November 23, 2024
Column

China’s stake in North Korea

The importance of China in negotiations with North Korea over its efforts to build nuclear weapons cannot be understated..China’s potential role in bringing North Korea to heel is an example of why it behooves the United States to work with other countries. Some countries have a more immediate and direct stake in a neighbor’s behavior than the Unite States, such as China does in this case. These countries may have leverage the United States lacks.

North Korea matters to China. Beijing does not want an erratic and volatile neighbor that, as the expression says, “goes nuclear” and induces an American invasion. China does not want thousands of American troops hard by its border.

Of paramount importance to China is a calm periphery. Chinese leaders for the past quarter century have strived to maintain peace and stability on China’s borders so that they can concentrate on economic modernization. Communist Party leaders have staked their continued grip on power to ongoing improvements in the prosperity of the Chinese people.

What happens in Korea has ramifications in China because China has the second highest “overseas” ethnic Korean population in the world, behind the United States. Upheaval in North Korea means refugees in China. Nearly 2 million ethnic Koreans live in the three provinces that border North Korea. Jilin, Liaoning and Heilongjiang – the border provinces – comprise China’s rust belt, an area of aging industries, extreme unemployment, and increasing labor agitation. Chinese leaders do not need refugees exacerbating these problems.

China provides North Korea with extensive aid to keep it from imploding. According to Alexandr Nemets and John L. Scherer, China’s aid amounted to $450 million in 2000, primarily crude oil, petroleum products and foodstuffs. Some experts reckon that China provides two-thirds of North Korea’s non-nuclear fuel needs.

Even the United States contributes humanitarian food aid to North Korea, irrespective of political factors, providing roughly 155,000 metric tons in 2002 alone. Foreign aid has kept the country from starving and the despicable Kim Jong-Il regime from collapsing but it has also kept it from developing nuclear weaponry, so far.

While Beijing has simultaneously shored up and distanced itself from the Pyongyang regime, China has befriended South Korea over the past decade, seeing increased economic ties as a boost to its modernization efforts. In 1992 the two countries normalized relations and since then trade has risen from $5 billion to $44 billion in 2002. China became South Korea’s third largest trading partner last year, trailing only the United States and Japan.

The immediate need is to make sure North Korea does not deploy nuclear-tipped missiles, which, though they do not directly threaten the United States, already threaten three of America’s seven largest trading partners: Japan, China, and South Korea. In 1998, North Korea successfully fired a test missile up and over Japan.

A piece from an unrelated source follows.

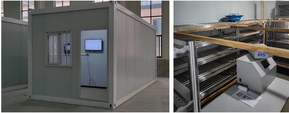
图2 可移动式标准养护室外观及现场试验情况

规范编写过程中，对可移动式标准养护室的计量特性所涉及的具体指标进行了试验验证，并与生产厂家和监测机构开展了广泛调研，确定指标可以服务于现阶段计量测试工作。测试环境如下图：

North Korea’s tactic of pursuing nuclear weaponry is a tacit admission of weakness. Without nuclear weapons, North Korean leaders fear that they cannot stave off a conventional American military invasion like the one that overran Iraq. Similarly, North Korea has targeted Seoul, South Korea’s capital, with hundreds of artillery and missile batteries. By vowing to turn Seoul into a “sea of fire” if the United States and South Korea ever invaded, Pyongyang seeks to deter an attack by saying it would be too costly even if successful.

What the Pyongyang leadership wants above all else is an agreement that the United States will not invade North Korea as it did Iraq, another member of the “axis of evil.” But given the Bush Administration’s national security strategy, in which pre-emptive actions are justified to protect the United States, that kind of “non-aggression” guarantee is exactly what the administration cannot offer. This is what makes multilateral cooperation with North Korea’s neighbors, especially China, all the more important.

However, there are those who argue out that Pyongyang is pretty adept at getting what it wants out of other countries.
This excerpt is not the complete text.